Morgan Stanley released a report late last year that described their take on Bitcoin and made passive mention of the crypto ecosystem in general. The report was widely reported on and it seems that the headline of choice was Morgan Stanley proclaiming that Bitcoin isn’t as much a store of value as it is an institutional asset class set to take on trading, and presumably, volatility needs at big banks and family offices across the globe.
While this language is and should be offensive to Bitcoin maximalists and anyone who believes in the original mission of Bitcoin – it certainly isn’t a surprise. If institutional (and a plurality of retail) clients ask enough times for something these institutions are going to give it to them, pure and simple. There is serious money to be made by creating expensive structured products wrapped around the guise of crypto volatility. The key words there are expensive and volatility. Expensive and volatility.
Morgan Stanley doesn’t have any interest in building out a warehouse facility or cold storage vault to house private keys and racks of hard wallets. There isn’t any money in it. At least not the kind of money that Tier 1 institutions have an interest in earning on that type of investment.
Instead, they are focused on several structured product initiatives that we’ve been made aware of that should be of interest to anyone attempting to get an understanding about how a powerhouse global investment bank is attempting to meet client demands.
Based on extensive discussions yesterday afternoon and again this morning we’ve heard three specific initiatives that are being *discussed* at Morgan Stanley (FYI – much like Goldman Sachs is in *internal discussions* regarding an Ethereum product to satisfy demand) and could come to market in 2019:
- A dedicated institutional trade desk that handles futures, OTC transactions, NDF like products that clients traffic across other Tier 1 institutions (Goldman, Citi).
- Internal discussions are ongoing as to whether Morgan Stanley uses Bakkt infrastructure *exclusively* with respect to Bitcoin futures transactions or using every resource that exists by 2019 (Bakkt, ErisX, CME, CBOE).
- Leadership in Morgan Stanley’s trading divisions are discussing whether or not to go all in on a Bitcoin NDF as well as an Ethereum product that has yet to be given a trading classification.
**Not included in the above list was a less prominently mentioned discussion point that included where does Morgan Stanley fall once a Bitcoin ETF product is created, as well as other SEC approved products throughout 2019. Discussions remain active as to whether or not Morgan Stanley creates their own branded products that are functionally identical to competitor products, or simply offer competitive products and whatever premium fee structures are inherent in the products themselves.
The discussions moving through trading rooms and in strategy sessions at the firm is not whether or not crypto is sustainable or a ‘flash in the pan’ bubble that will eventually fade. The discussion is focused on regulatory approvals and guidance, strategies to benefit from those new rules, and how to best position Morgan Stanley’s crypto products (should they choose to create native structured products) and services to its largest clients.

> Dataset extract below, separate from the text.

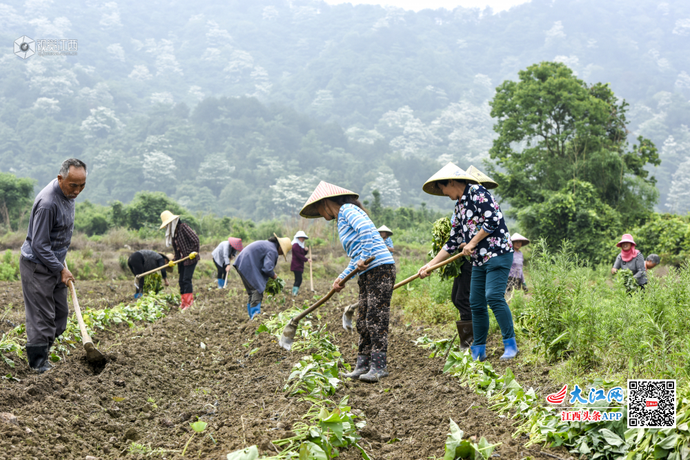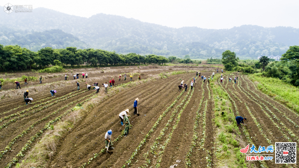 5月15日,新余市仙女湖风景名胜区钤阳办事处白田村的村民们正在田间种植紫薯,一片繁忙景象。白田村通过流转土地160亩成立合作社种植薯紫,吸纳全村22户贫困户入股,让所有参与产业发展的贫困户都能增收脱贫致富,确保年底不低于15%的分红。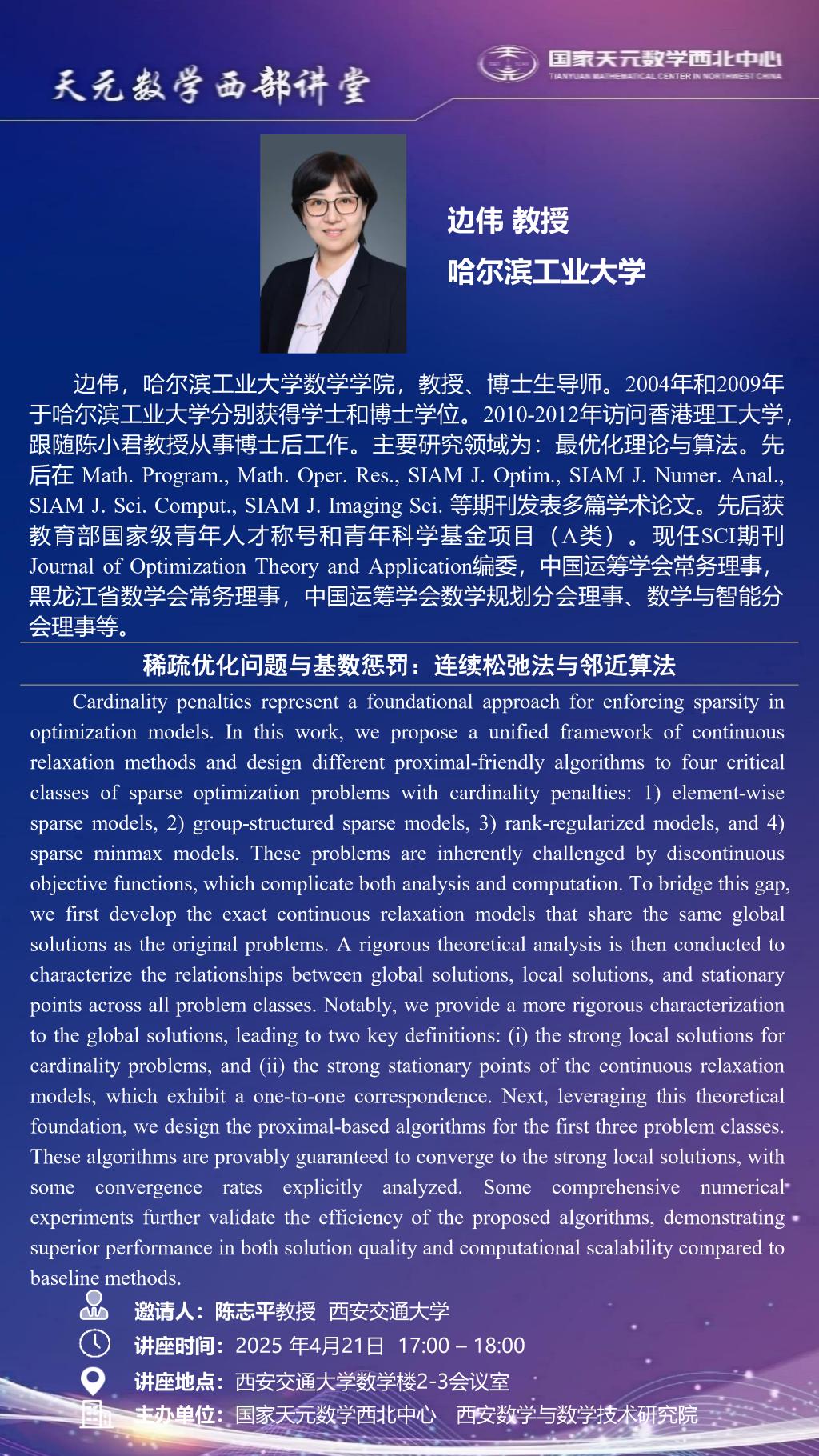 【天元数学西部讲堂】哈尔滨工业大学边伟教授学术报告

Which leads us to the dialogue in the Morgan Stanley research report making the rounds today. It adds context to the discussions internally as the firm positions itself for 2019; a year that those we spoke to believe will produce massive adoption, new (and relatively tame) regulations in the US, and trading volumes set to skyrocket.
The ‘money quote’ in the report, as it was told to us (to pay particular attention to) is this:
The net dollar amount in crypto hedge funds in 2016 was $380MM. Today it stands at over $6B.
You don’t need any other explanation for Institutional ‘fomo’ than those hard numbers. Those are funds that are eschewing fiat based products and diving into crypto, even in the midst of a bear market.
Morgan Stanley wants to be a real player in this market. They are working overtime to figure out just how to do it. Regulatory and legal hurdles need to be appropriately approached and handled, but when that happens they are planning to be at the forefront of what they believe will be a highly profitable new ‘super asset class’.